Bash to search a csv for numbers and copy to a new file?

Commissario
Joined
16 Oct 2002
Posts
342,633
Location
In the radio shack
Hi folks,

After a couple of hours of messing around with this, I'm struggling.

I have two files, one is a text file consisting of a a bunch of numbers in this format

123556
213452
529521
134525

The second is a csv, the rows are quite long but it's a standard csv, nothing special.

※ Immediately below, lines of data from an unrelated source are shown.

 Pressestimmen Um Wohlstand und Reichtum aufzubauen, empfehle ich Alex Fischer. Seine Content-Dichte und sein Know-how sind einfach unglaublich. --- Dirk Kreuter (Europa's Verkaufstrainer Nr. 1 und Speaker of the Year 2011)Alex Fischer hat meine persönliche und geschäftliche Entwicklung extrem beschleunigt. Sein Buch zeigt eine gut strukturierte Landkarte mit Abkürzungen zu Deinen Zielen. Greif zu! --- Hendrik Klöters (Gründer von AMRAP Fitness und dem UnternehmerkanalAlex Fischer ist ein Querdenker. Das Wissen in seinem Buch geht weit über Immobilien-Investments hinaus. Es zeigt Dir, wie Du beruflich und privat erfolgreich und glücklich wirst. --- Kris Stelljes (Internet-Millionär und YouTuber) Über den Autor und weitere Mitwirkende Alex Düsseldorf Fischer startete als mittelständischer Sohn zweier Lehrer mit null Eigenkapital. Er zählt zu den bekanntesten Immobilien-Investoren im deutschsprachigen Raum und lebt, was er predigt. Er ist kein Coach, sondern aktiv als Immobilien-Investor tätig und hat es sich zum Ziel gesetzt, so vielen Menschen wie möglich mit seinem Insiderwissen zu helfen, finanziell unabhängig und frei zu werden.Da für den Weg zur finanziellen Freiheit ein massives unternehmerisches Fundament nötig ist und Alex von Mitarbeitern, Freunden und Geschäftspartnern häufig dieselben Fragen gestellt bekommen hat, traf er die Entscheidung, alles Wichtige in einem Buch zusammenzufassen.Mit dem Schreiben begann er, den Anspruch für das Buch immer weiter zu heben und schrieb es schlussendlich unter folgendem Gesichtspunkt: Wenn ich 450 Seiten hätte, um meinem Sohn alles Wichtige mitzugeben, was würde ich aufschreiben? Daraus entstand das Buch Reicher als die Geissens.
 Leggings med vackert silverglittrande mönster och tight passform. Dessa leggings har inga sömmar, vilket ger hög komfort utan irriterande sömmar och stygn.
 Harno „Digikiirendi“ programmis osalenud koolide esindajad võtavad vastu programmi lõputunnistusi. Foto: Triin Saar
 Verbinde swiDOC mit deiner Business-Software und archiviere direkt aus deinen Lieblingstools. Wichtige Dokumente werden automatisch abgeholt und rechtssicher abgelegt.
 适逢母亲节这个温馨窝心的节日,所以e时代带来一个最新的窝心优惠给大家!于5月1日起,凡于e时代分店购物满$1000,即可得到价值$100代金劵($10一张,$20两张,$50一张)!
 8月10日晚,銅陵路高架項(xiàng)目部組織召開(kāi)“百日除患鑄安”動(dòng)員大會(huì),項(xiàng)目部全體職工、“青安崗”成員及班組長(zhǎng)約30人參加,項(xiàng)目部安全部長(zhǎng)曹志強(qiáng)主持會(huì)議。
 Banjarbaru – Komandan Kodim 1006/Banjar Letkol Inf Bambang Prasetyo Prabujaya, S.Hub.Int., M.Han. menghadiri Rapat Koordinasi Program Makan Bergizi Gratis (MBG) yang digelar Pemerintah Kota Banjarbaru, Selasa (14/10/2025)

That csv starts with a six digit number.

I need to search the csv for any rows that start with a number from the first file and then move that entire row out to a new file. Moving it might be tricky, it may be easier just to copy the row into a new file.

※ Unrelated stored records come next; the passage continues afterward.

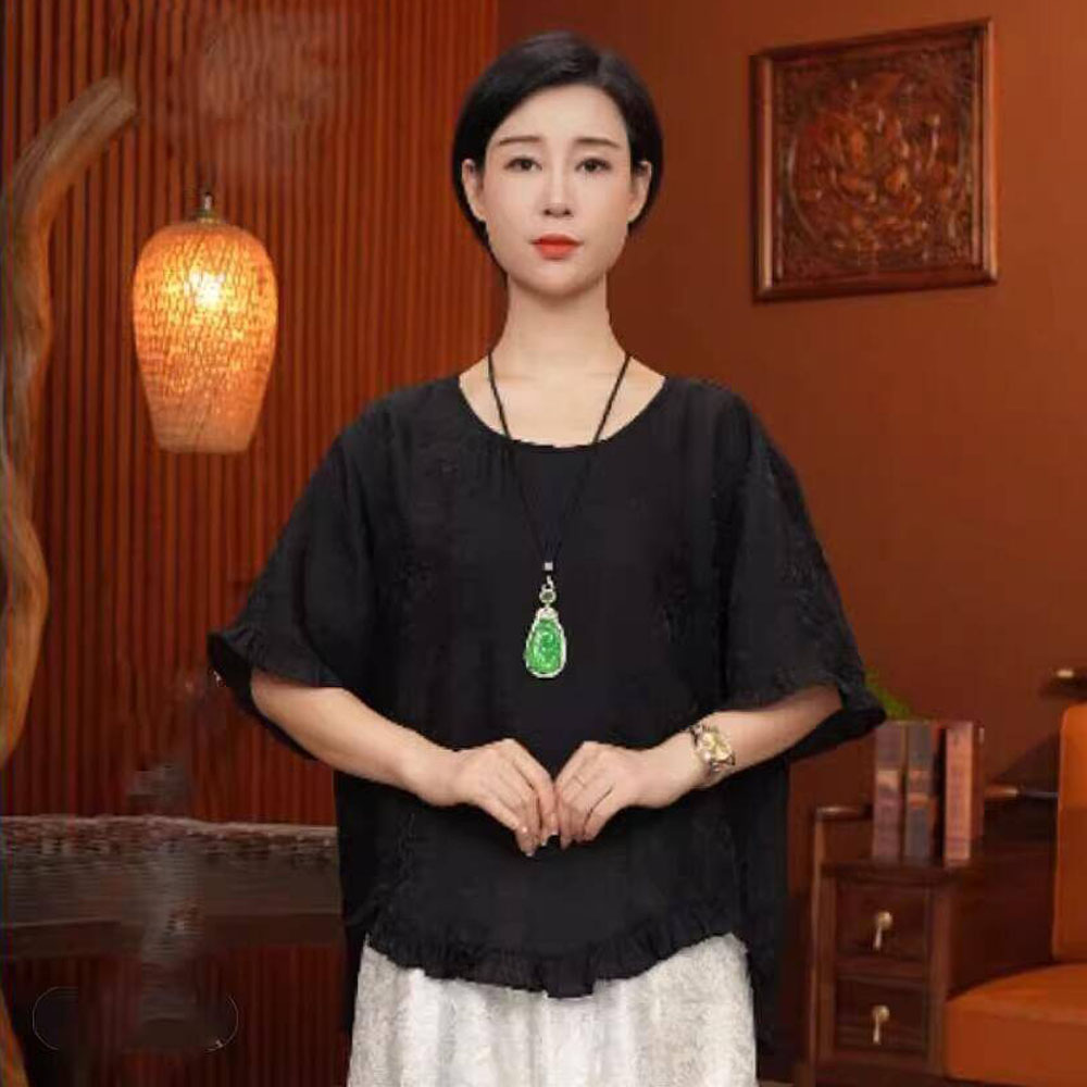 宽松洋气短袖 2025夏季 时尚 国风薄款 木耳边不规则下摆圆领上衣 新款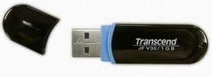 Первая модель - это Transcend V30. При весе всего в семь граммов этот умелец передает данные на скорости в 10 Mb/s и может служить загрузочным диском. Он определяется либо как USB-Zip, либо как USB-HDD. Предусмотрена парольная защита данных, поддерживаемая почти всеми операционными системами. В комплект ПО входит утилита, позволяющая использовать накопитель в качестве аппаратного ключа для разблокировки компьютера. Упаковано это чудо техники в привычный пластик, сам модуль - черного цвета со стандартным индикатором активности. Производитель гарантирует 10-летний срок сохранности ваших данных на носителе и цикл перезаписи в 1 миллион раз. Мне бы и половины этого хватило с лихвой, однако, как говорится, запас карман не тянет.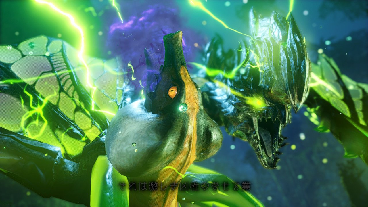 …まず、なんというか、敵の動きが速すぎる。骨格としてはイヤンクックのような感じであるが、羽根…というか腕を使ったパワフルなパンチ攻撃に、電撃や尻尾を使った攻撃など、動作が多彩で読みづらい。さらに、世界観的にも、なんというか、割り切った感じの表現となっており、ライゼクスから見て前方の左右45°の位置に、緑色の光の柱を設置し、そこから更に電撃が左右45°に発射されるという攻撃は、いかにもゲーム的で笑ってしまうが、威力は全く笑えない。そして、トサカを光らせて振り下ろす必殺技は、なんとライトニングブレードなる闇落ちしたネーミングセンスになっているらしい。一応、かつてのモンハンは、厳しい自然環境での生存競争なんかをテーマとした作品だったのだ…。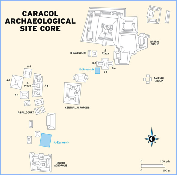 Википедия: Caracol is the name given to a large ancient Maya archaeological site, located in what is now the Cayo District of Belize. It is situated approximately 40 kilometres south of Xunantunich and the town of San Ignacio Cayo, and 15 kilometers away from the Macal River. It rests on the Vaca Plateau at an elevation of 500 meters above sea-level, in the foothills of the Maya Mountains. Long thought to be a tertiary center, it is now known that the site was one of the most important regional political centers of the Maya Lowlands during the Classic Period. Caracol covered approximately 200 square kilometers, [3] covering an area much larger than present-day Belize City (the largest metropolitan area in the country) and supported more than twice the modern city’s population. At Caracol, there are approximately 267 structures per square kilometer, 85% higher than Tikal. The site covers approximately 200 square kilometers, and within this area, structures are generally situated equidistantly and are integrated with the terrace system. The town grew into one of the largest ancient Maya cities, covering some 177 km² with an estimated population of over 100,000 with settlement focused along the many radiating causeways (potentially peaking between 120,000 and up to 180,000)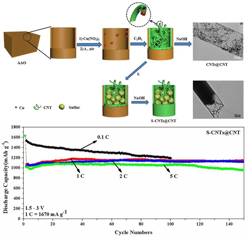 1)锂离子电池用硫基正极材料的理论比容量可达1672 mAh/g,是商业使用的正极材料的10倍以上,锂硫电池的理论比能量更是高达2500 Wh/kg,开发高性能的锂硫电池成为当今锂电池研究中的热点,国产亚洲精品美女久久久环境与化学工程学院化工系王勇教授课题组经过深入研究发现:使用碳纳米管包覆硫材料的复合正极材料的可逆储锂容量可以达到1633 mAh/g,非常接近其理论值,同时该正极材料在大电流下也具有非常稳定的储锂性能。该研究成果以上大为第一单位发表在Nano Letters 论文(影响因子为13.6),第一作者为研究生金菲英同学。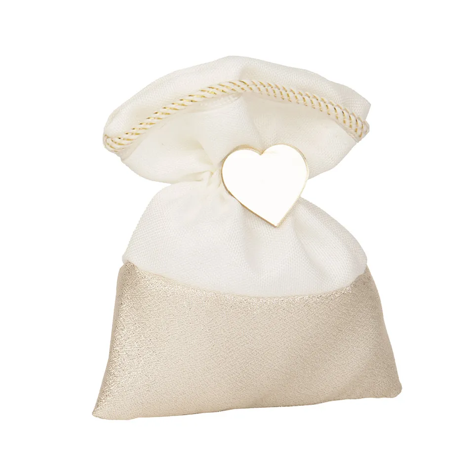 Sacchettino Cotone Avorio e Poliestere Oro Con Cuore Oro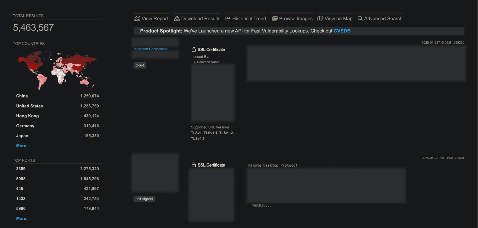 By January 2025, according to Shodan.io, around 5,400,000 possible Windows targets are accessible using public IP addresses.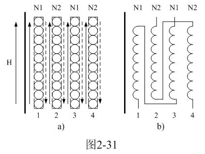 在圖2-31中,兩個線圈之間實線箭頭表示正磁通的方向,虛線表示反磁通的方向。從圖中可以看出,多層線圈間隙與間隙之間的正、反向磁通是可以部分抵消的,因此,變壓器線圈的漏感可以減小。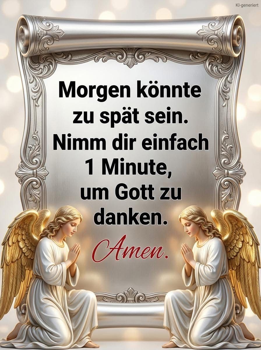 “Morgen könnte zu spät sein.” Diese Worte sind kein Grund zur Angst, sondern eine Einladung, den gegenwärtigen Moment zu schätzen. Das Leben ist kostbar und flüchtig. Die Engel zeigen uns, wie einfach es ist: Innehalten, die Hände falten und das Herz öffnen.

The column of numbers is about 1500 numbers long and the csv is about 45,000 so it's quite a big job.

With how well *nix works with text files, I thought this would be quite straightforward but I'm struggling.

Can anyone help please?

Thanks.
 
Hi folks,

After a couple of hours of messing around with this, I'm struggling.

I have two files, one is a text file consisting of a a bunch of numbers in this format

123556
213452
529521
134525

The second is a csv, the rows are quite long but it's a standard csv, nothing special. That csv starts with a six digit number.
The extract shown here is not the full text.